A book and a documentary film—how two projects that bind India and Bangladesh open a window into Southeast Asia’s trans communities and their evolving work, push for rights, and new means to love and live.

- By Upasana Das

Gender Through the Lens: Community, Culture, Conversations

When Bangladeshi photographer Shahria Sharmin travelled to India along with the Bangladeshi hijra community, she realised that the country provided them a greater sense of safety and social acceptance. For anyone who has grown up as part of various Southeast Asian cultures, they would be aware that the hijra community has a deep socio-cultural connect, defined as the ‘third’ gender, intersex, or often those who reject their masculine identity. Recalling how transwomen at one of Bangladesh’s many garment factories were not allowed to wear womenswear as the manager was afraid it would distract others and reduce productivity, Sharmin aimed to document the community’s stories, now collated in the photo book, Call Me Heena (2025).

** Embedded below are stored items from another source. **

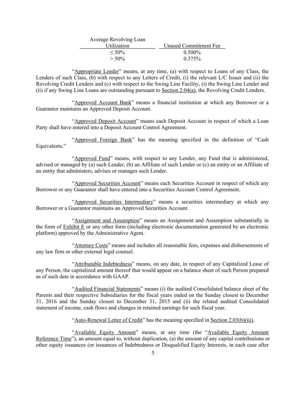 5 ≤ 50% Average Revolving Loan Utilization 0.500% Unused Commitment Fee > 50% 0.375% “Appropriate Lender” means, at any time, (a) with respect to Loans of any Class, the Lenders of such Class, (b) with respect to any Letters of Credit, (i) the relevant L/C Issuer and (ii) the Revolving Credit Lenders and (c) with respect to the Swing Line Facility, (i) the Swing Line Lender and (ii) if any Swing Line Loans are outstanding pursuant to Section 2.04(a), the Revolving Credit Lenders. “Approved Account Bank” means a financial institution at which any Borrower or a Guarantor maintains an Approved Deposit Account. “Approved Deposit Account” means each Deposit Account in respect of which a Loan Party shall have entered into a Deposit Account Control Agreement. “Approved Foreign Bank” has the meaning specified in the definition of “Cash Equivalents.” “Approved Fund” means, with respect to any Lender, any Fund that is administered, advised or managed by (a) such Lender, (b) an Affiliate of such Lender or (c) an entity or an Affiliate of an entity that administers, advises or manages such Lender. “Approved Securities Account” means each Securities Account in respect of which any Borrower or any Guarantor shall have entered into a Securities Account Control Agreement. “Approved Securities Intermediary” means a securities intermediary at which any Borrower or a Guarantor maintains an Approved Securities Account. “Assignment and Assumption” means an Assignment and Assumption substantially in the form of Exhibit E or any other form (including electronic documentation generated by an electronic platform) approved by the Administrative Agent. “Attorney Costs” means and includes all reasonable fees, expenses and disbursements of any law firm or other external legal counsel. “Attributable Indebtedness” means, on any date, in respect of any Capitalized Lease of any Person, the capitalized amount thereof that would appear on a balance sheet of such Person prepared as of such date in accordance with GAAP. “Audited Financial Statements” means (i) the audited Consolidated balance sheet of the Parents and their respective Subsidiaries for the fiscal years ended on the Sunday closest to December 31, 2016 and the Sunday closest to December 31, 2015 and (ii) the related audited Consolidated statement of income, cash flows and changes in retained earnings for such fiscal year. “Auto-Renewal Letter of Credit” has the meaning specified in Section 2.03(b)(iii). “Available Equity Amount” means, at any time (the “Available Equity Amount Reference Time”), an amount equal to, without duplication, (a) the amount of any capital contributions or other equity issuances (or issuances of Indebtedness or Disqualified Equity Interests, in each case after
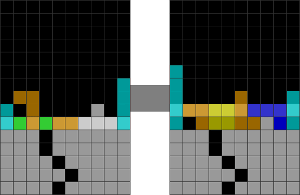 | Parity imbalances can cause unclean stacking over holes, preventing line clears without clearing the lines above the holes. |
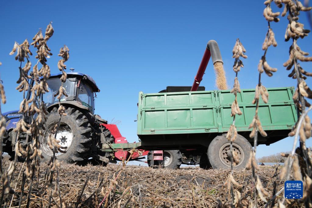 10月11日,在黑龍江省富錦市一大豆地塊的地頭,收割機卸下剛收獲的大豆。
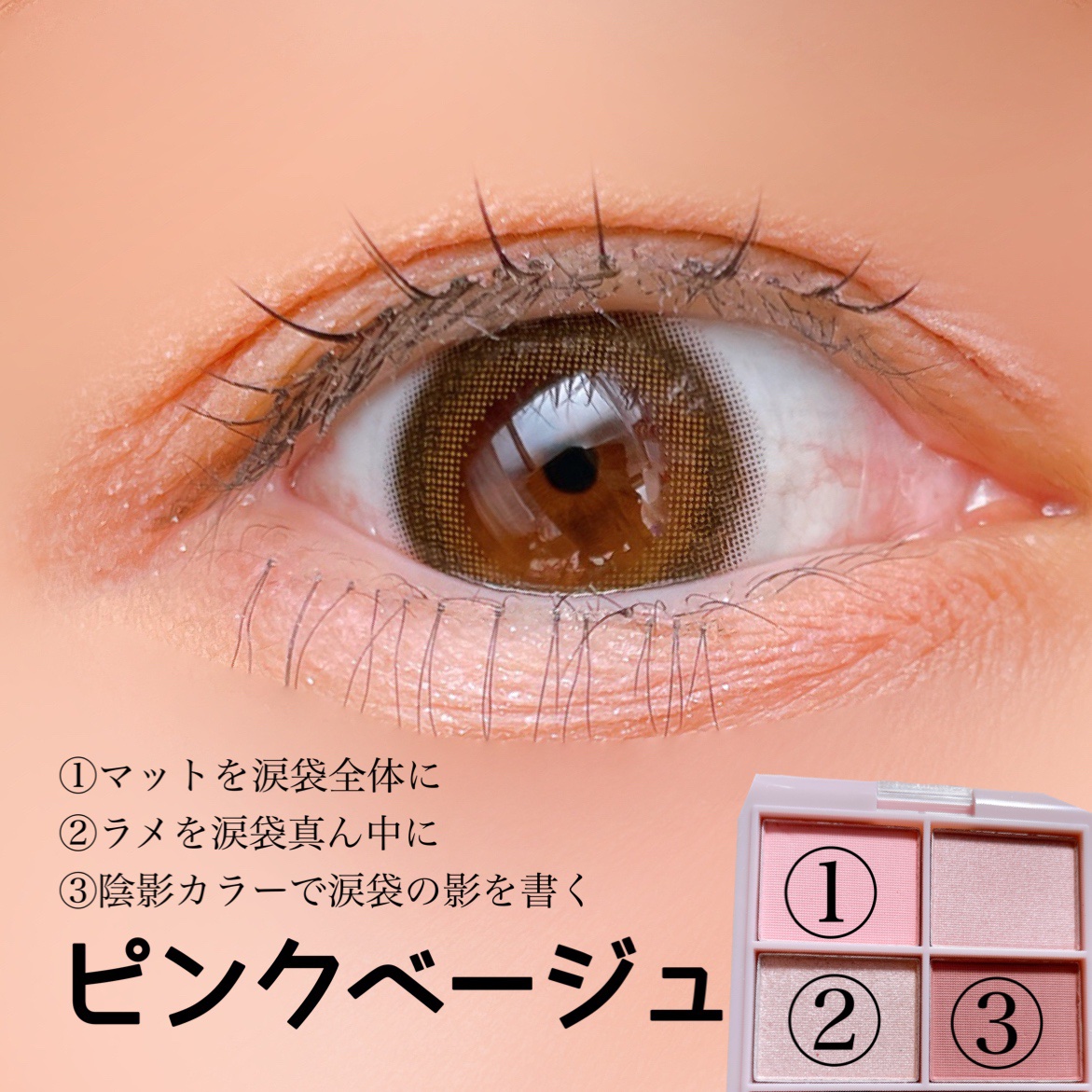 ダイソーコスメ新作!&.Wチャーム涙袋パレットピンクベージュ☑︎新シリーズ「&.WithCharm」☑︎¥110☑︎ラメ・パール・マット3パターンの涙袋が作れちゃう!アイシャドウチップ付きその日の気分やTPOに合わせて選べる、涙袋用アイシャド...

Meanwhile, British-Bangladeshi designer and artist Rahemur Rahman, along with British filmmaker Lily Vetch, ventured into documenting the lives of three hijra women in Bangladesh, and it was made into a short film Body of Our Own (2026). Rahman’s film, which premiered at BFI Flare in March, will make its India debut at Kashish Pride Film Festival this June, adding to the dialogue for rights and recognition for legal change, which Rahman wants.

Here, we highlight the details and intricacies of both projects, even more pertinent in the light of the Transgender Persons (Protection of Rights) Amendment Bill 2026, which although recognises the hijra identity, threatens to break apart safe spaces that Bangladeshi immigrant hijra women have created for themselves in India and their support to young trans people. Passed this March, the law mandates a medical certification process for recognition of transgender individuals along with narrowing the definition of the community itself, undermining the process of self-identification.